I've had mine on for 3200 miles, it's a hub drive ebike so rarely do you stand on the pedals to go uphill putting very little stress on the drive train right? Use a chain wear guage every 500 miles, a worn chain will damage the freewheel pretty fast though...
You are right, the explanation I read was that the chain gets "longer" over time as the holes and pins wear, and the worn chain will in turn wear the freewheel. All is well until you put on a new chain, and now the new chain pitch doesn't match the worn freewheel, causing skipping. 7 speed components seem a little dated but they always seemed to last a lot longer than the new-fangled 9+ speed stuff. perfect for a utility bike!
 
I rode a big Honda motorcycle for years when I was younger and living in LA and I tried to keep to a schedule to lubricate the chain every 500 miles. I used a spray that came out watery but quickly dried into a grease that wouldn't fly off easily.

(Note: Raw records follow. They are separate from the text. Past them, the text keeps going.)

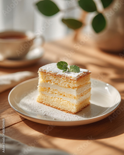 Delicious layered cream cake on white plate. Soft natural light creates tempting dessert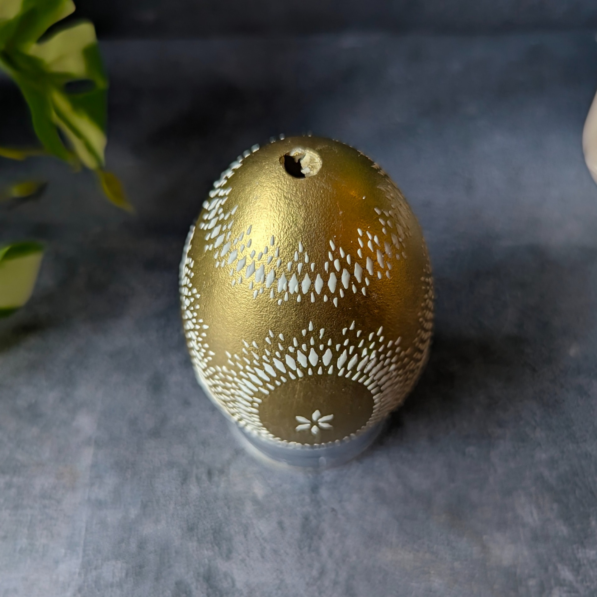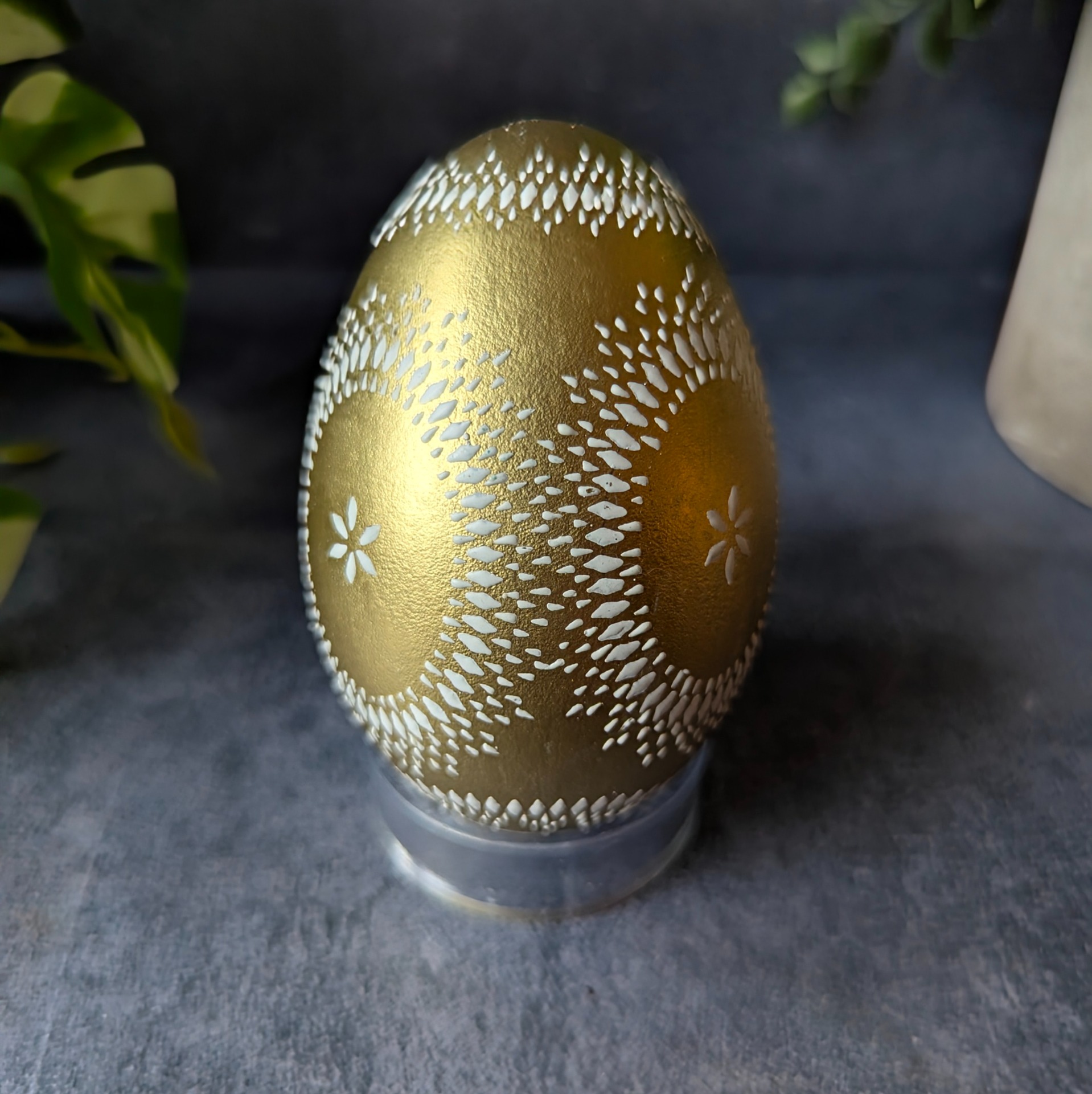 Gänseei (Echtei) lackiert in Gold mit einem weißen Wachsmuster.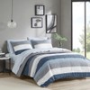 - Transform your bedroom into a serene with this stripe comforter set, combining shades of blue and grey for a refreshing appeal.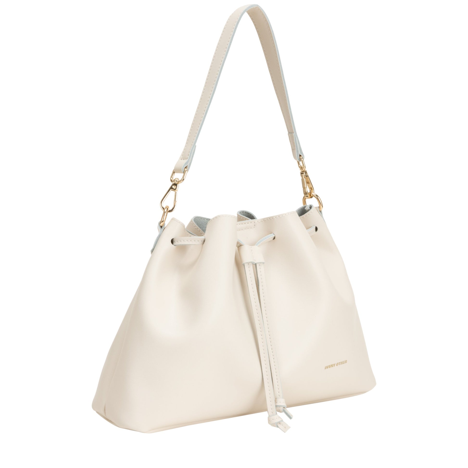 This versatile drawstring shoulder crossbody bag in off white blends convenience and style effortlessly. Designed with both a drawstring closure and an adjustable shoulder strap, it offers flexible carrying options for your busy day. Lightweight yet spacious enough for essentials, its clean, neutral shade complements any outfit, making it a must-have accessory for hands-free comfort and chic simplicity.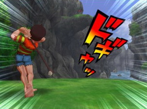 合畫面上的狀聲字與速度線出現時機以 Wii 遙控器模擬揮桿,就能擊出長遠的好球。當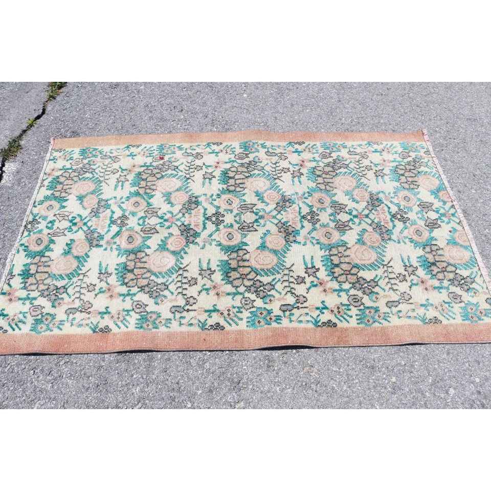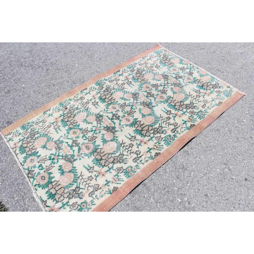Alfombra Turca de 3.5x5.7 pies, Alfombra de Estilo Vintage, Alfombra de Camuflaje Azul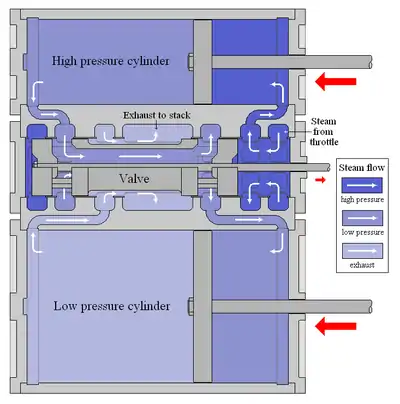 The key to the Vauclain compound is its valve system. In essence, there is an extra system of valves, concentric with the usual middle steam passage in conventional single expansion piston valves.[3] This passage connects the high-pressure cylinder exhaust to the low-pressure cylinder intake. The driving pistons are rigidly connected to either side of the crosshead, so that they move in concert. As high-pressure steam is admitted to one side of the high-pressure cylinder, the low-pressure steam exhausted from the other side is passed through the valves to the opposite side of the engine and into the low-pressure cylinder; finally the exhaust steam from the opposite side of the low-pressure cylinder escapes through the center part of the valve to the blastpipe.[4]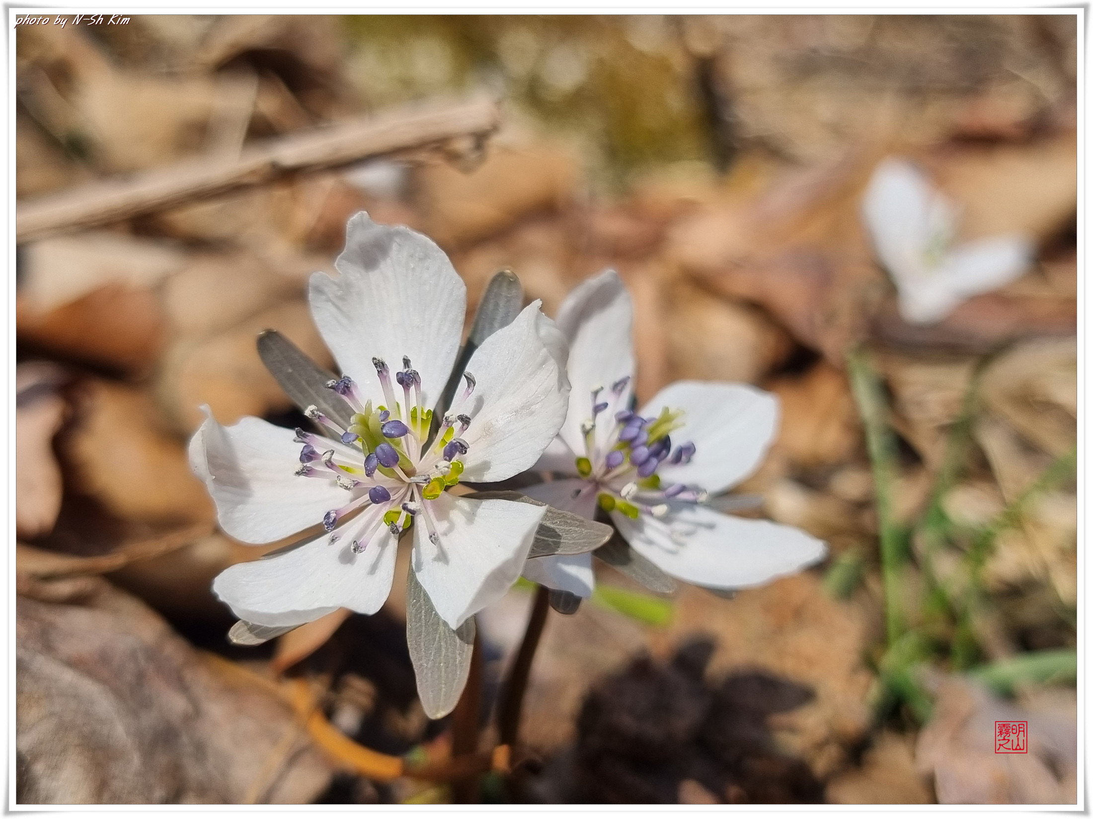만나려고 했던 녀석의 정확한 위치를 알 수 없기에 주위를 둘러보던 중 작년에 만났던 노루귀가 천천히 군락을 이루고 있는 모습을 포착하고, 또 다른 진사에게 오늘의 주인공이 어디 있는지 묻고, 마침내 그를 만난다.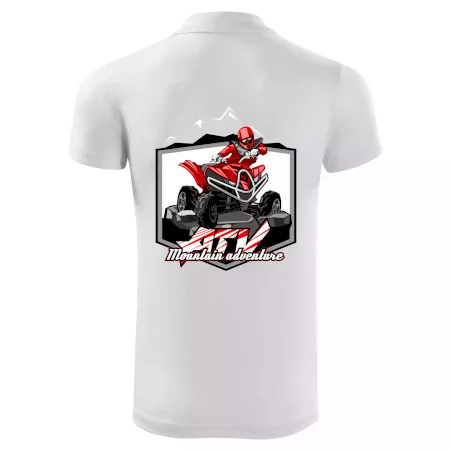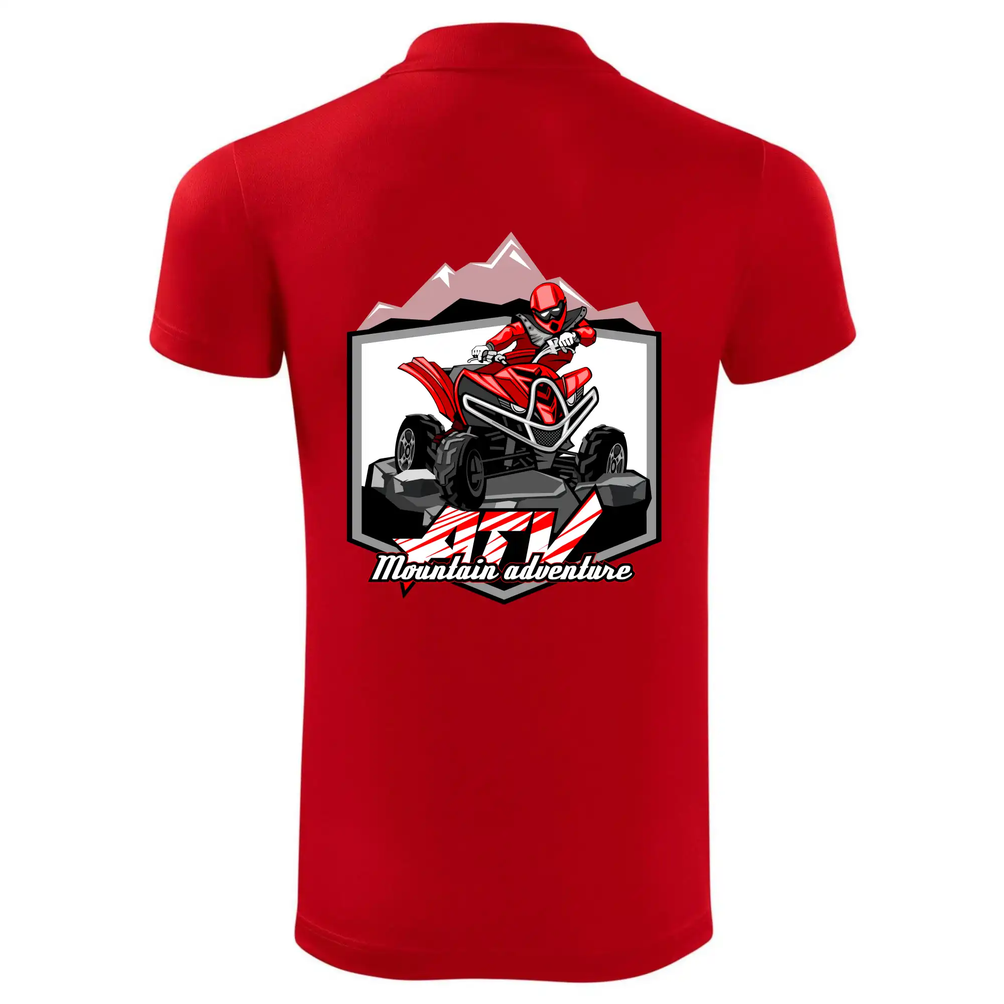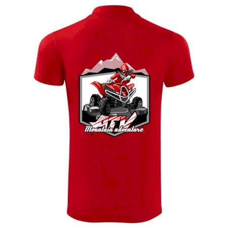 Tričko pre motoristu, na ktorom je červená štvorkolka ATV a v pozadí hory. Motoristické tričko, kde je off road štvorkolka musí mať doma každý motorista. Tričko so štvorkolkou je vhodný darček pre motoristu, ktorý má rád adrenalín. Štvorkolka na tričku je ako živá, proste parádne auto.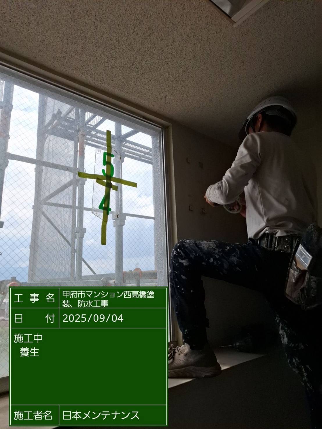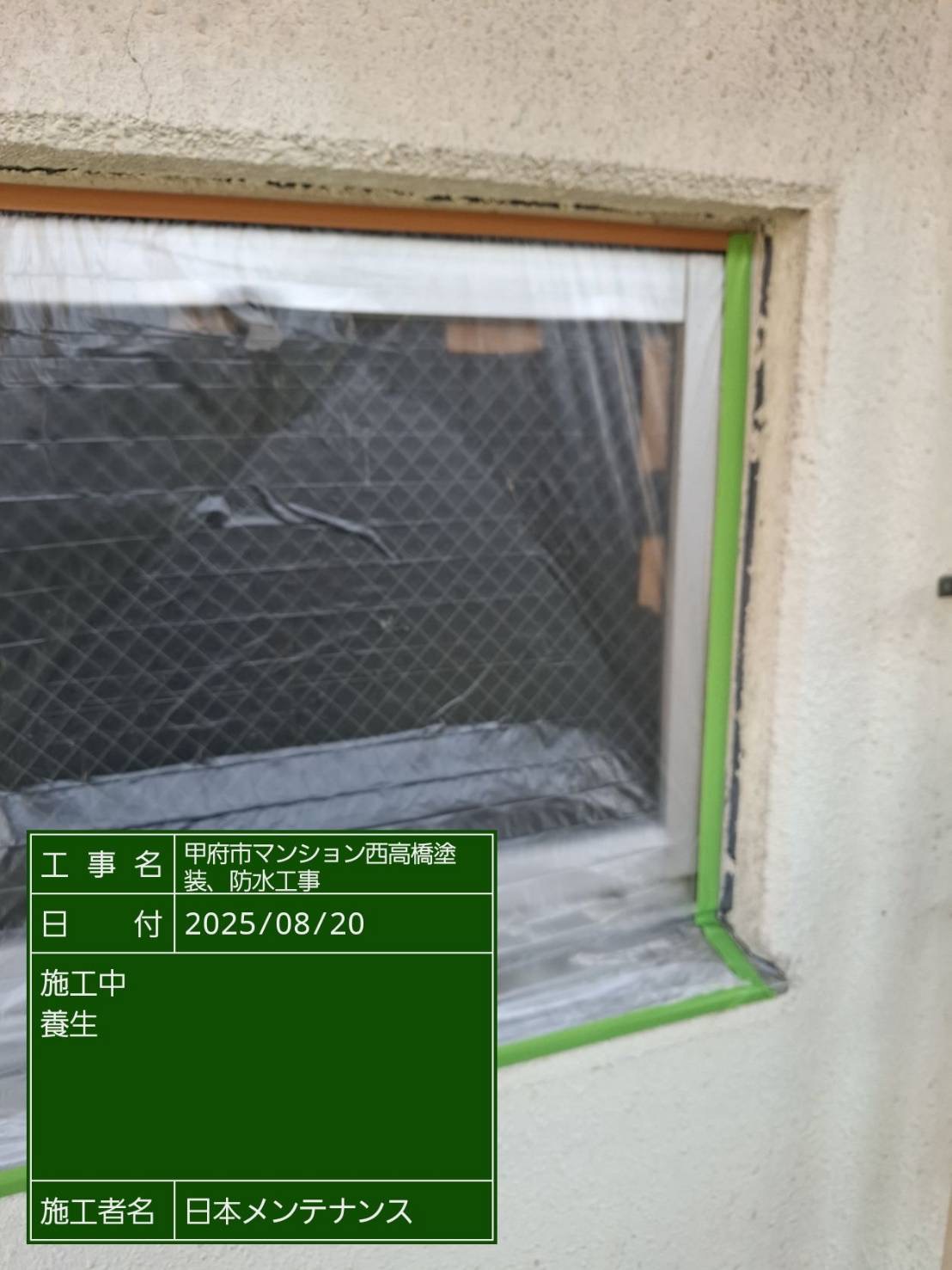 甲府市のマンションで養生と付帯部塗装を行いました!

I've heard some folks talk about lubricating the rollers. That's not the part that wears--it's the pivot point inside the links. Only way to get to it is to spray the side links on each side. I'd put the bike on the center stand, run it in first gear at idle and do one edge of the chain as it passed over the rear sprocket, then the other. Only took a minute or so. And of course a chain doesn't "stretch." The pivot points inside just wear away over time.

Some big motorcycle chains went so far as to have tiny o-rings inside each link in order to keep the internal factory grease from leaving.

BY ALL MEANS get the 11-34 freewheel. Makes an enormous improvement on both ends. And no adjustments needed except to screw in the B screw on the derailleur clockwise to the stop. Consult the Park Tools YouTube video if needed.

Oh, and no changes to chain length needed.